Thanks to you all for your help over the past few months, special thanks to Gus! cannot tell you how much your information has helped us. Kindest regards, Jackie and Ian xxxx lane:


----------



## jojo (Sep 20, 2007)

thats really sweet!!! I hope you have a lovely christmas too, albeit a busy one if you're about to move here!! I'm going back to the UK to be with the family for christmas - snow/ airport strikes willing. Please let us know how you're settling once you have internet etc

jo xxx


----------



## Jaxx (Apr 21, 2010)

jojo said:


> thats really sweet!!! I hope you have a lovely christmas too, albeit a busy one if you're about to move here!! I'm going back to the UK to be with the family for christmas - snow/ airport strikes willing. Please let us know how you're settling once you have internet etc
> 
> jo xxx


Hope the weather will be kind to you Jo,so that you can make the journey. Its wonderful to be with family at Christmas,that is why we are not moving over till early January. Think we will have a very emotional Christmas though!Thanks for all your wonderful help:clap2:

Love Jaxx xx


----------



## xicoalc (Apr 20, 2010)

Weather permitting jaja... with more to come I really hope you get back Jo. Mother is coming out next week to be with us for Christmas but I am concerned about the snow. If her flight is cancelled we will have to have her wrapped up in brown paper and shipped euro express with DHL... they always seem to deliver on time whatever the weather... even when ryanair cant take off... DHL always find a way jaja


----------



## gus-lopez (Jan 4, 2010)

& a very merry christmas & a happy new year to you & your husband & family. Let's hope that it all goes smoothly for you & look forward to meeting up sometime.


----------



## 90199 (Mar 21, 2010)

Good Luck with your move,

Hepa


----------



## Jaxx (Apr 21, 2010)

gus-lopez said:


> & a very merry christmas & a happy new year to you & your husband & family. Let's hope that it all goes smoothly for you & look forward to meeting up sometime.

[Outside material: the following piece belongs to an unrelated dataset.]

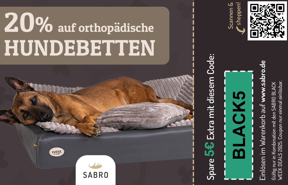 SABRO Startdatum14.11.2025 Ablaufdatum31.12.2025 20% Rabatt auf orthopädische HUNDEBETTEN | Spare 5€ Extra mit diesem Code: BLACK5 Code BLACK5 Couponcode kopieren Coupon einlösen Coupon drucken! Endet in

Will take you up on that Gus, like i said many thanks for all your help over the past months and merry Xmas to you and your wife xx


----------



## Pesky Wesky (May 10, 2009)

What an exciting time for you. Perhaps I can teach you a new verb 

*Estrenar*

It means to do or use something for the first time. You're going to be *estrenando* house, country, year - everything at the same time!

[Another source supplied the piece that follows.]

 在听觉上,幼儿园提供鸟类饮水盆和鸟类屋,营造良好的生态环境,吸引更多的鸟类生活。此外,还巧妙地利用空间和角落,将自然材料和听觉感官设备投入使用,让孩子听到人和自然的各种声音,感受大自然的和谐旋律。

Hope everything goes well!


----------



## Jaxx (Apr 21, 2010)

Pesky Wesky said:


> What an exciting time for you. Perhaps I can teach you a new verb
> 
> *Estrenar*
> 
> ...


I know its almost too exciting to bear! Thanks for the verb! will try to remember it x


----------



## macdonner (Oct 24, 2010)

Jaxx said:


> Just wanted to say an early "Merry Christmas" and a very happy and healthy 2011, to all who use the forum as may not have chance later due to being away for Christmas.We shall be over there to live in the Costa Calida at long last, the first week in January. Not sure how long it will take to set up the phone/internet but will catch up with you when its sorted.
> Thanks to you all for your help over the past few months, special thanks to Gus! cannot tell you how much your information has helped us. Kindest regards, Jackie and Ian xxxx lane:


Hope you have an excellent Xmas, New Year and a safe journey over in January - bet your more excited about the move than opening any Xmas pressies lol


----------



## Jaxx (Apr 21, 2010)

macdonner said:


> Hope you have an excellent Xmas, New Year and a safe journey over in January - bet your more excited about the move than opening any Xmas pressies lol


Yes indeed,although there are many emotions going on in my head at the moment!

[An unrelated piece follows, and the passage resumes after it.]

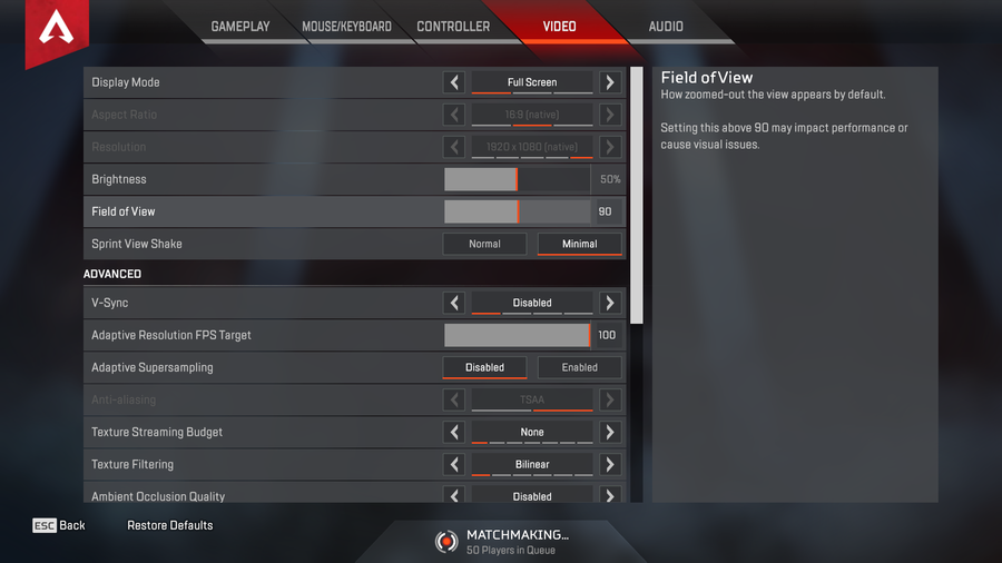 - Vá para as configurações de vídeo do jogo.

What fantastic folk you all are, bless you. x


----------



## owdoggy (Jul 23, 2008)

Merry Christmas, a happy, prosperous & above all, healthy new year to you all:yo:

Right, that's the mushy bit over:












Doggy


----------



## thrax (Nov 13, 2008)

owdoggy said:


> Merry Christmas, a happy, prosperous & above all, healthy new year to you all:yo:
> 
> Right, that's the mushy bit over:
> 
> ...


Ha ha!!!!

Merry Christmas


----------



## Jaxx (Apr 21, 2010)

owdoggy said:


> Merry Christmas, a happy, prosperous & above all, healthy new year to you all:yo:
> 
> Right, that's the mushy bit over:
> 
> ...


Love it xx:smow::smow::smow::smow::smow:


----------



## Alcalaina (Aug 6, 2010)

Felices fiestas everyone - I don't do mushy, Tom Lehrer sums up my views on Christmas (below), but you're a great bunch and I wish you all a happy and peaceful 2011! eace:


----------



## Guest (Dec 20, 2010)

Feliz Navidad y un Prospero Ano Neuvo!


----------